The leader of The Other Russia opposition movement Eduard Limonov has filed a complaint to the European Court of Human Rights claiming Russia’s Central Election Committee has refused to register him as a candidate. He says the police stopped his supporters from entering the building where its meeting was to be held. Under Russian electoral law, a person who wants to run in a presidential campaign has to hold meeting with at least 500 people who sign a paper in support of the candidate, which is then passed to the Central Election Committee. Liminov’s group of initiators eventually had to hold a meeting in a bus, and the Committee refused to recognise its results.
The leaders of two political parties that did not enter the State Duma as they din’t get over the threshold of seven per cent required by the law — economist Grigory Yavlinsky of “Yabloko” and oligarch Mikhail Prokhorov of “Pravoe Delo” — had to collect the two million signatures the law demands of them to be registered. Prokhorov claims his team has accomplished the task, though a number of experts remain skeptical about the accuracy of their work. Yavlinsky is still collecting the signatures, his team has complained about the artificial obstacles Russian electoral election law creates. For example, the number of signatories from each Russian region is limited to 50,000 people. In Moscow and St Petersburg it is relatively easy to find supporters, but regional work is harder.

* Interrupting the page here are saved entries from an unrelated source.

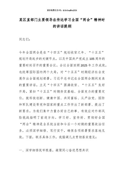 / 某区直部门主要领导在传达学习全国“两会”精神时的讲话提纲
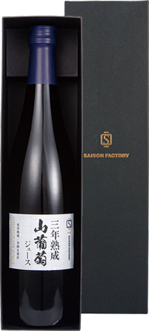 完熟した山ぶどうを搾った100%果汁。真空状態で3年以上にも及ぶ低温熟成を行い、甘みと味わいに深みを持たせた濃厚な仕上がり。
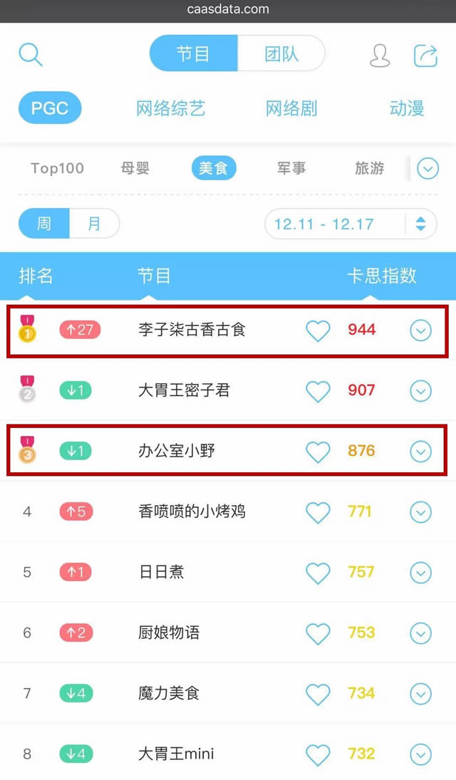 (视频《恶搞版<非常人贩>》) 团队还在评测“北京212”汽车的视频中,神还原黑豹《Don’t break my heart》的MV。节目在影视方面的特长,与同为汽车测评的节目区别开来。 ②美食+ 美食分类的延伸各具特色,且成效明显。有美食+古风的《李子柒古香古食》、美食+创意/职场的《办公室小野》、美食+野居的《野食小哥》《野居青年》、美食+乡村的《欢子TV》《巧妇九妹》等。这些节目均是分类中比较稳定的上榜节目,前两档已经做到了分类头部。美食分类体量大竞争激烈,相对各垂类来说受众更加宽泛。从Top10节目的工业化程度来看,该分类的差异战早就开始了。

Candidates are given 25 days to accurately collect two million signatures. They will have to hand them in to the Central Election Committee on 18 January.
Meanwhile, Sergei Mironov of A Just Russia and Gennady Zyuganov of the Communist Party have been asked to become “transitional presidents” by many participants of the December rallies. The Left Front opposition movement sent a proposal to them saying should they win the elections they should carry out a comprehensive election law reform, hold new parliamentary elections in just one year and then step down. Mironov has accepted the proposal, while Zyuganov said he was ready to implement the election reform and re-run the parliamentary elections but did not like the idea of stepping down.
A similar proposal was made to all candidates by notable Russian political scientist Andrey Piontkovsky. In an article he suggested that candidates who oppose Putin should “sign a contract with voters” promising to become a transitional president. This would involve carrying out radical reforms of election legislation, police and judiciary system; limiting the president’s power through passing amendments to the constitution; holding new parliamentary elections; and then within one to one-and-a-half years stepping down to participate in early presidential elections, which would be held according to new democratic laws. The candidates are yet to respond to him.
“The core goal for opposition is not to let Putin run the country again”, says Piontkovsky, who views transitional presidency as the way to achieve that. The “contract” between presidential candidates and civil society is to be “signed” on 4 February, on a third protest action for fair elections, which is expected to be the biggest yet.